• [WHAT IS NEEDED]: Starting at the line with "Польский экстремал Михал" and ending at the line with "El bany principal", print exactly the lines of the entries below. Pictures do not belong in the copy.

BEGIN SOURCE MATERIAL

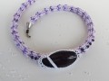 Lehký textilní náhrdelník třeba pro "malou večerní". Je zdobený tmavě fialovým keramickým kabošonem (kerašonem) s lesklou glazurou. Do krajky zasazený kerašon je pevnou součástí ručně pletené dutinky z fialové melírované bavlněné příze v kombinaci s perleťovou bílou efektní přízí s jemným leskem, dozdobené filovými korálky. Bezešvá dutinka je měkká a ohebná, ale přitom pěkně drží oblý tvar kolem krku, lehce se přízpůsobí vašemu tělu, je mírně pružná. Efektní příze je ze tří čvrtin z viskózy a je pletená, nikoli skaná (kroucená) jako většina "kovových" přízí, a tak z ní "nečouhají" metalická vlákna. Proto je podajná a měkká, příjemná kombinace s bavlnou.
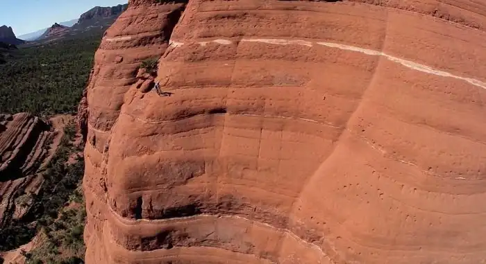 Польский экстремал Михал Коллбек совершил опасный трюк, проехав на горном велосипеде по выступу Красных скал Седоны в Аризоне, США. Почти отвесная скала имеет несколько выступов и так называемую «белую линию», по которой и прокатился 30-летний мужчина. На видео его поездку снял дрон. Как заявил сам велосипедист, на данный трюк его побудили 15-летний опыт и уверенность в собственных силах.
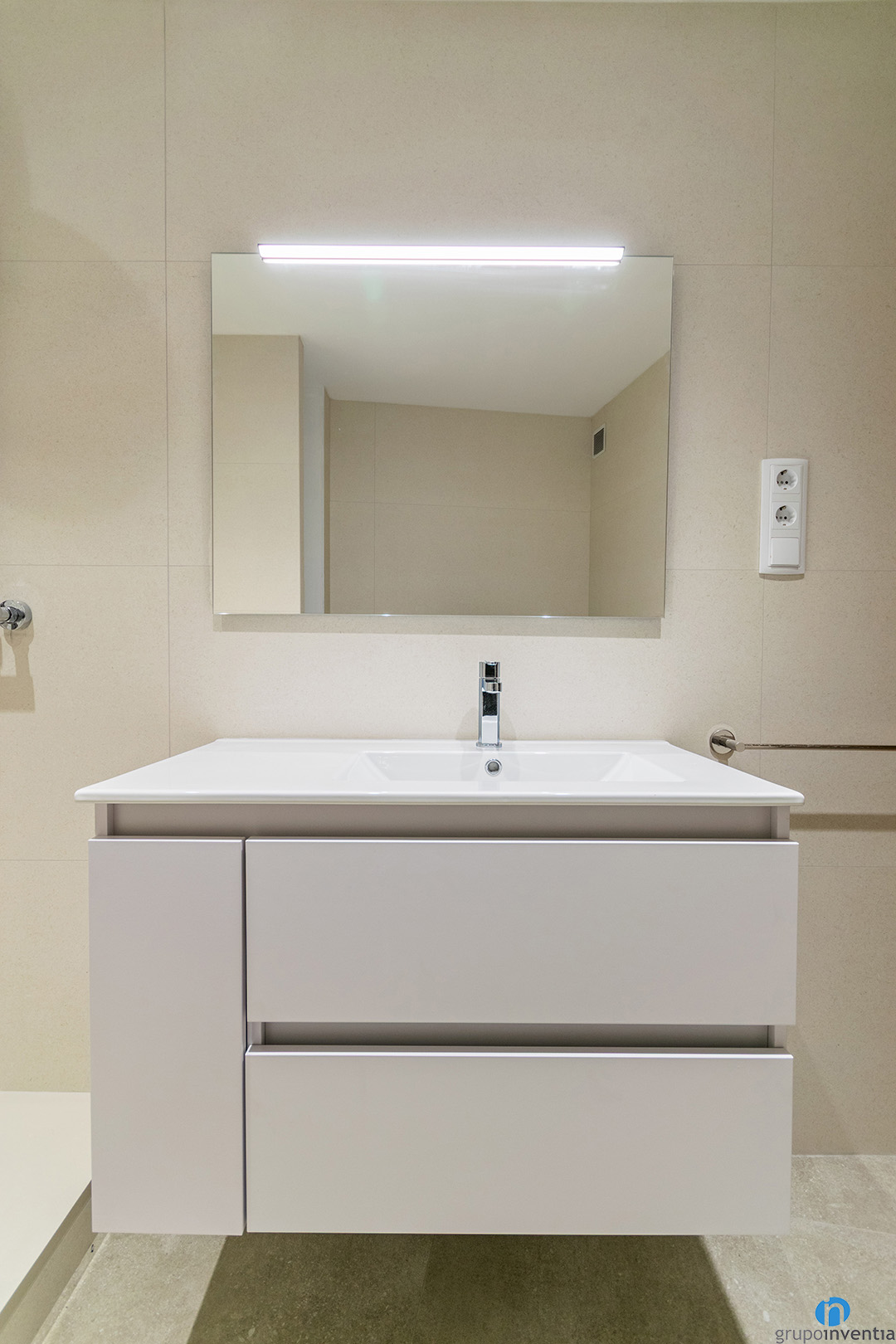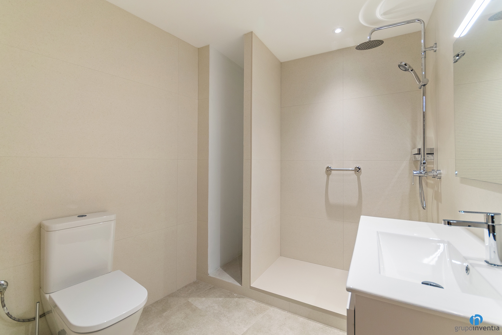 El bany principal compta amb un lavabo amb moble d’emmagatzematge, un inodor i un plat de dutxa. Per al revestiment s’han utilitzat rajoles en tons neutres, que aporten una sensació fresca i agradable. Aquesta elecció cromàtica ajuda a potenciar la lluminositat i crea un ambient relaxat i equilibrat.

END SOURCE MATERIAL
BEGIN SOURCE MATERIAL

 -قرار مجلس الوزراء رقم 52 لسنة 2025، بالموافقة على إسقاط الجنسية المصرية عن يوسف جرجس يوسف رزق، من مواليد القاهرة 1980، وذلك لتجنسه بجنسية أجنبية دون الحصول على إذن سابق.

END SOURCE MATERIAL
BEGIN SOURCE MATERIAL

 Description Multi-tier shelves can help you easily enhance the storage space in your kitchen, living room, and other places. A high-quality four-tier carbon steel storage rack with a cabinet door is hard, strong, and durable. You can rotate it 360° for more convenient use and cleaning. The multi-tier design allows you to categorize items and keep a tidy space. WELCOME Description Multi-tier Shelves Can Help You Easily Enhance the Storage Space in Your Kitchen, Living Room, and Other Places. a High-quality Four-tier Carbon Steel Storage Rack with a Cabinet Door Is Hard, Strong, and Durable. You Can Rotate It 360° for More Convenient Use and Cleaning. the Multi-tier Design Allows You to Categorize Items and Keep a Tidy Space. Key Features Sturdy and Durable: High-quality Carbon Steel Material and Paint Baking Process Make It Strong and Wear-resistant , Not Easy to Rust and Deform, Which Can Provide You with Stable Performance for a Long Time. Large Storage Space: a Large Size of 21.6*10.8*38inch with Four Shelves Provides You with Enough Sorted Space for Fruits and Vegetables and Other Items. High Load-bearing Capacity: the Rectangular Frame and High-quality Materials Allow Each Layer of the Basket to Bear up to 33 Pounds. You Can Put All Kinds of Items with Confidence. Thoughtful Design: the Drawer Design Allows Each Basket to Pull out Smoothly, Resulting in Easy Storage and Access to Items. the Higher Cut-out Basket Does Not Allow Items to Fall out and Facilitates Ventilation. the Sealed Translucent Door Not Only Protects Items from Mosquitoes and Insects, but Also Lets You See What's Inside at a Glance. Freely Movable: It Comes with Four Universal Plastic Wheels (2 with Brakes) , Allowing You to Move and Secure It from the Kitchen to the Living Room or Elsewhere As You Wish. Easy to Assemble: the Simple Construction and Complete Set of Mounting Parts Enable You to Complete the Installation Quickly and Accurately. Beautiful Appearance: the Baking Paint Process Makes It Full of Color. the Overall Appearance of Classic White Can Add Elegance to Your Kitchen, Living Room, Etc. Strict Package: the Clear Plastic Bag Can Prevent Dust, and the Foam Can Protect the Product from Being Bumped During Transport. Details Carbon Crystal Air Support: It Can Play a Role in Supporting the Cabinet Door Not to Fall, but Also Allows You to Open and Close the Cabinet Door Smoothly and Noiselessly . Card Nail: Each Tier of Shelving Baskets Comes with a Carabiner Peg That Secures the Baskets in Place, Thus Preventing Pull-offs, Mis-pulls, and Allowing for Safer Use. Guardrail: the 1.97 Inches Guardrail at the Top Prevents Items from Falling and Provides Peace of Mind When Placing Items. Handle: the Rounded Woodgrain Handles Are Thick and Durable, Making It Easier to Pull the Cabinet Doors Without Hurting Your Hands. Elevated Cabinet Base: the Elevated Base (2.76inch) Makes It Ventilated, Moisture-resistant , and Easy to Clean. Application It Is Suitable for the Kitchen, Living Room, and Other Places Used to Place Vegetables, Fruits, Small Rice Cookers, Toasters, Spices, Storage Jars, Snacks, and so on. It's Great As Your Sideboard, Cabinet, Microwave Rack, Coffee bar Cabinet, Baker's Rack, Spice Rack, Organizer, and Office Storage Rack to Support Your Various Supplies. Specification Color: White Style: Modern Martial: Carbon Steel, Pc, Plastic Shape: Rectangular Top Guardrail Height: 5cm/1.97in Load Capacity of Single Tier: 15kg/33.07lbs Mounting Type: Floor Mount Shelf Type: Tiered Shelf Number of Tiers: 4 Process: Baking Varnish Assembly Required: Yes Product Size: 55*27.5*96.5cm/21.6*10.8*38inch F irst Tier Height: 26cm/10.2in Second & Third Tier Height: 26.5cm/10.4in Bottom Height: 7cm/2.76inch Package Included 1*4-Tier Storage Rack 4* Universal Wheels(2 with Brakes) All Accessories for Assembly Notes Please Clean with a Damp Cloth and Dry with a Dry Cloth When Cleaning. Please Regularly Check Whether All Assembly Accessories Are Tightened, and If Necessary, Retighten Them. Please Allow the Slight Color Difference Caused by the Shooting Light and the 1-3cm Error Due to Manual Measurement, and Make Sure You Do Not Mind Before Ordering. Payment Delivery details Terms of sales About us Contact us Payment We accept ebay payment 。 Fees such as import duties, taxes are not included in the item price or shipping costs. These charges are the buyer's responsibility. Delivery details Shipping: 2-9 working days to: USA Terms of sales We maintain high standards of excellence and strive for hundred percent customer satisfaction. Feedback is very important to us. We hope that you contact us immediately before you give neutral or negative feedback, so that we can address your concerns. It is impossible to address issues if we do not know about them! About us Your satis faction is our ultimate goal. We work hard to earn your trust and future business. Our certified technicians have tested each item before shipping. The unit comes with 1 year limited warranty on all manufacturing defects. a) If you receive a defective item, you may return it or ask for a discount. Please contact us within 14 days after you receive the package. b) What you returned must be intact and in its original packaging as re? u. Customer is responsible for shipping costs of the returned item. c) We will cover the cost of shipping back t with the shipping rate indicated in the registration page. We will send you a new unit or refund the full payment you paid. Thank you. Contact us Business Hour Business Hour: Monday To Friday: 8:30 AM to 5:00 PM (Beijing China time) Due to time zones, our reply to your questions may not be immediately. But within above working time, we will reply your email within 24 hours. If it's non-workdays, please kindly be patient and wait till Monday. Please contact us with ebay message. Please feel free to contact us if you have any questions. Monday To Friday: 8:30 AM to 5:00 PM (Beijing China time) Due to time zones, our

END SOURCE MATERIAL

• [ANSWER FOR THIS EXERCISE]:
 Польский экстремал Михал Коллбек совершил опасный трюк, проехав на горном велосипеде по выступу Красных скал Седоны в Аризоне, США. Почти отвесная скала имеет несколько выступов и так называемую «белую линию», по которой и прокатился 30-летний мужчина. На видео его поездку снял дрон. Как заявил сам велосипедист, на данный трюк его побудили 15-летний опыт и уверенность в собственных силах.
 El bany principal compta amb un lavabo amb moble d’emmagatzematge, un inodor i un plat de dutxa. Per al revestiment s’han utilitzat rajoles en tons neutres, que aporten una sensació fresca i agradable. Aquesta elecció cromàtica ajuda a potenciar la lluminositat i crea un ambient relaxat i equilibrat.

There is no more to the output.